=== Begin Enclosure ===

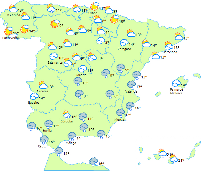 I dag varsles der om lokalt kraftig nedbør ved Gibraltarstrædet og Melilla og tidligt om morgenen også på De Kanariske Øer. Det ventes igen betydelige snefald til den sydøstlige del af halvøen.
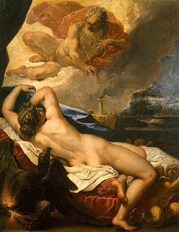 Jove and Semele (1695) by Italian painter Sebastiano Ricci. Galleria degli Uffizi. Florence
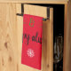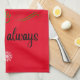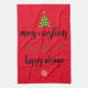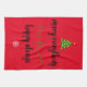 Festiv köksduk med en illustration av en grön julgran med en gul stjärna på toppen, en snöflinga och orden: "glada allt & lycklig alltid" i svart, på röd bakgrund.
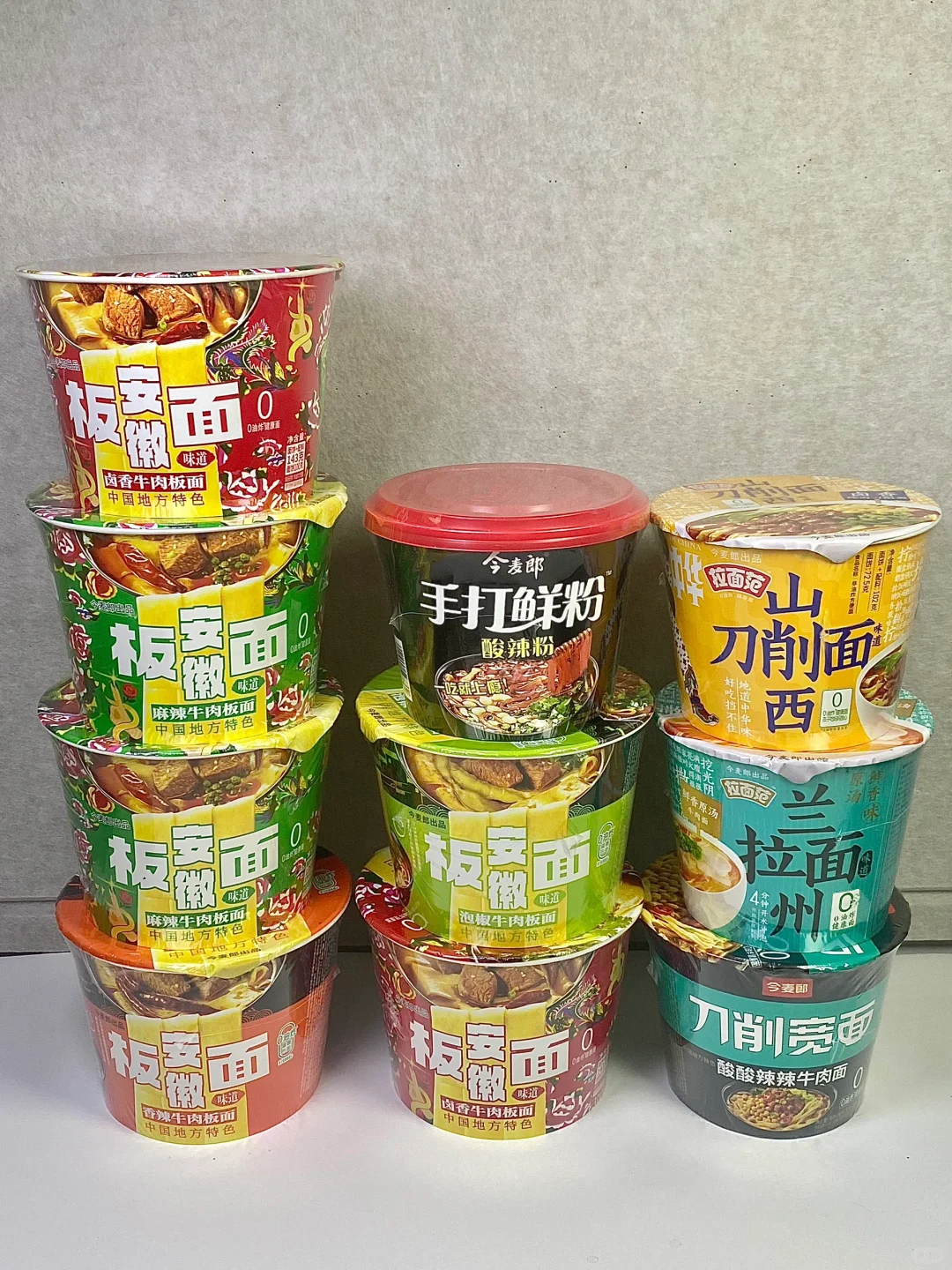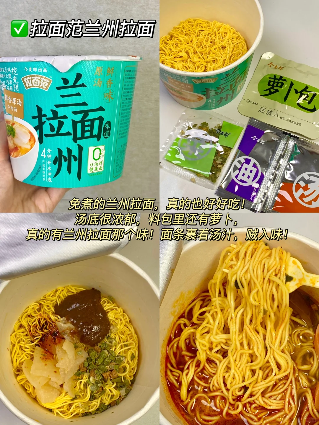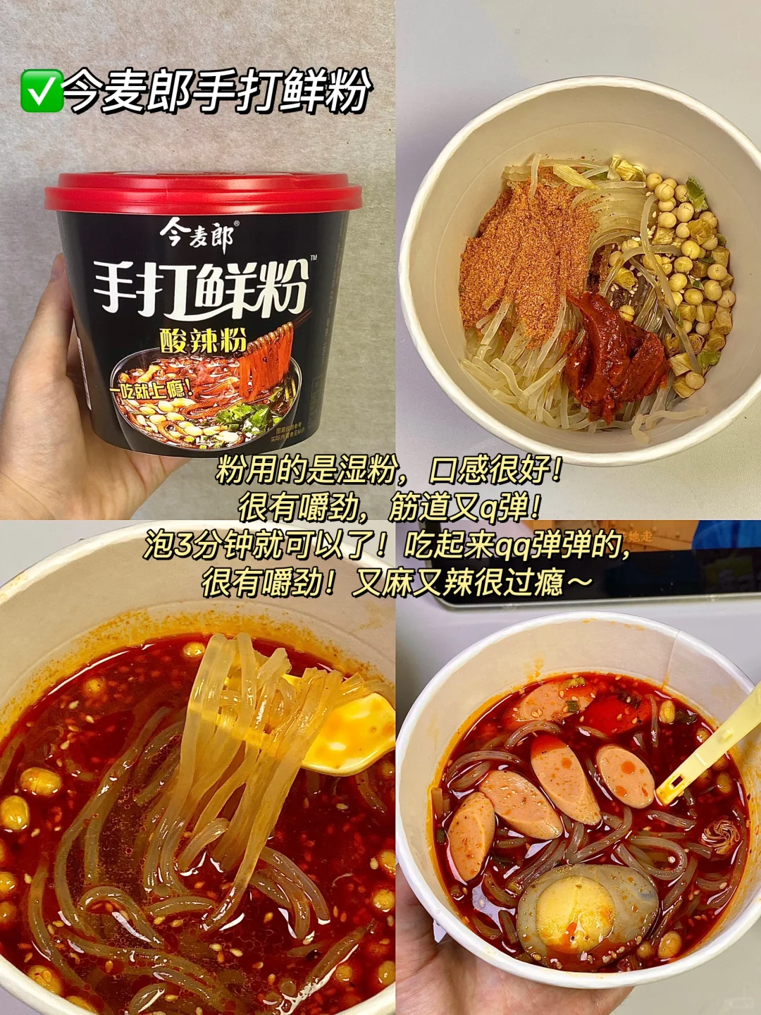 分享一下本人私藏的泡面 这四款每一个都巨巨好吃! 吃起来又麻又辣很过瘾,太适合能吃重口味的宝子 了! 1⃣️今麦郎手打鲜粉 粉用的是湿粉,口感很好!很有嚼劲,筋道又q弹!泡3分钟就可以了!吃起来qq弹弹的,很有嚼劲!又麻又辣很过瘾~ 2⃣️拉面范兰州拉面 免煮的兰州拉面,真的也好好吃!汤底很浓郁,料包里还有萝卜,真的有兰州拉面那个味!面条裹着汤汁,贼入味! 3⃣️拉面范山西刀削面 拉面范山西刀削面!万年回购!真的太太好吃了!浪花型面条,还自带灵魂醋包,吃一口就停不下来了!!面条宽宽的贼有劲道!吸满汤汁真的好爱这种口感 4⃣️今麦郎安徽板面 无意在超市买了一桶板面 回家直接买了一箱!!已经连续吃几天了 面条吸满满牛油汤底!!贼入味!!两指宽的宽面,贼拉有筋道! 今麦郎安徽板面!!我要给你加大分!
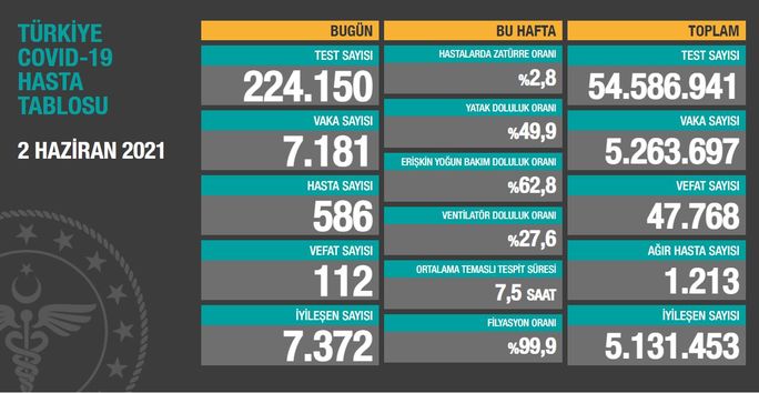 Sağlık Bakanlığı'nın 1 Haziran verilerine göre, 223 bin 482 test yapılırken semptom gösteren 602 hastayla birlikte 7 bin 112 yeni vaka tespit edilmişti. 129 kişi hayatını kaybederken 9 bin 457 kişi de sağlığına kavuşmuştu.
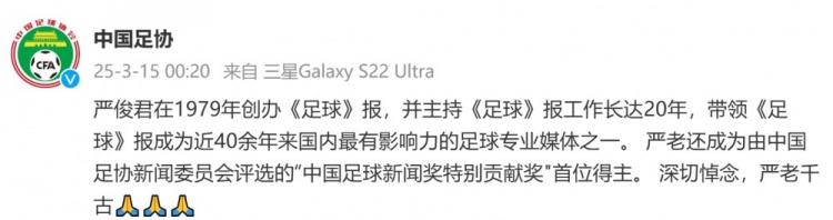 2025-03-15 04:43:13中國(guó)足協(xié)發(fā)文悼念《足球》報(bào)創(chuàng)刊人嚴(yán)俊君:深切悼念,嚴(yán)老千古
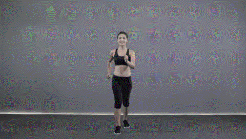 动作要点:挺胸收腹,腰背平直,有短暂腾空,手臂自然摆动,脚尖着地。此动作练习8x8拍。
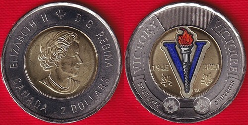 Canada 2 Dollars 2020 75y Since The End Of Wwii Bimetallic Coloured Unc Ebay
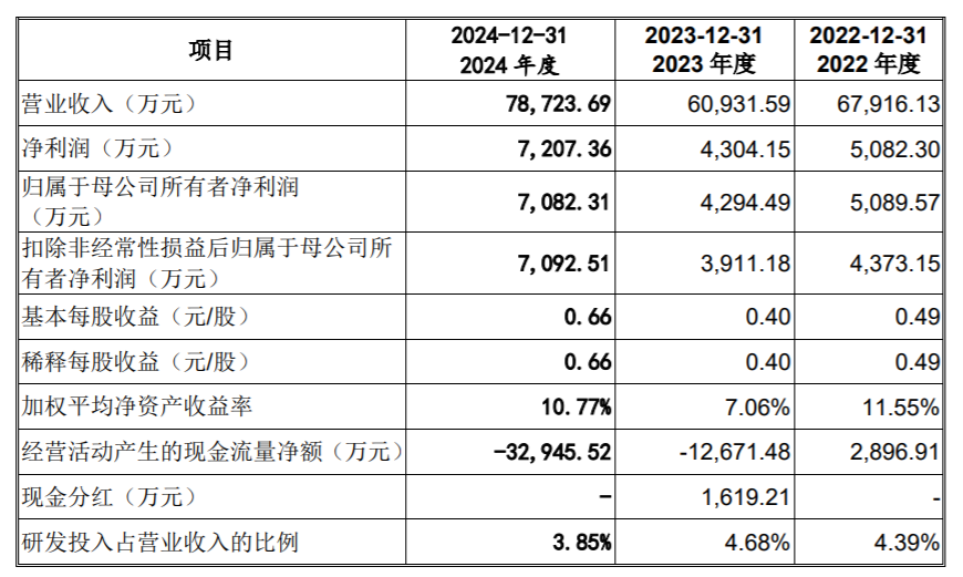 根据前次申报材料显示,2022年、2023年、2024年,株洲科能营收分别为6.79亿元、6.10亿元、7.87亿元;净利分别为5082万元、4304万元、7207万元。

=== End Enclosure ===

_TASK REQUIREMENTS_:
Output exactly the lines from the first line of the records through the line containing "Festiv köksduk med". Leave out every picture.

_WRITTEN ANSWER_:
 I dag varsles der om lokalt kraftig nedbør ved Gibraltarstrædet og Melilla og tidligt om morgenen også på De Kanariske Øer. Det ventes igen betydelige snefald til den sydøstlige del af halvøen.
 Jove and Semele (1695) by Italian painter Sebastiano Ricci. Galleria degli Uffizi. Florence
 Festiv köksduk med en illustration av en grön julgran med en gul stjärna på toppen, en snöflinga och orden: "glada allt & lycklig alltid" i svart, på röd bakgrund.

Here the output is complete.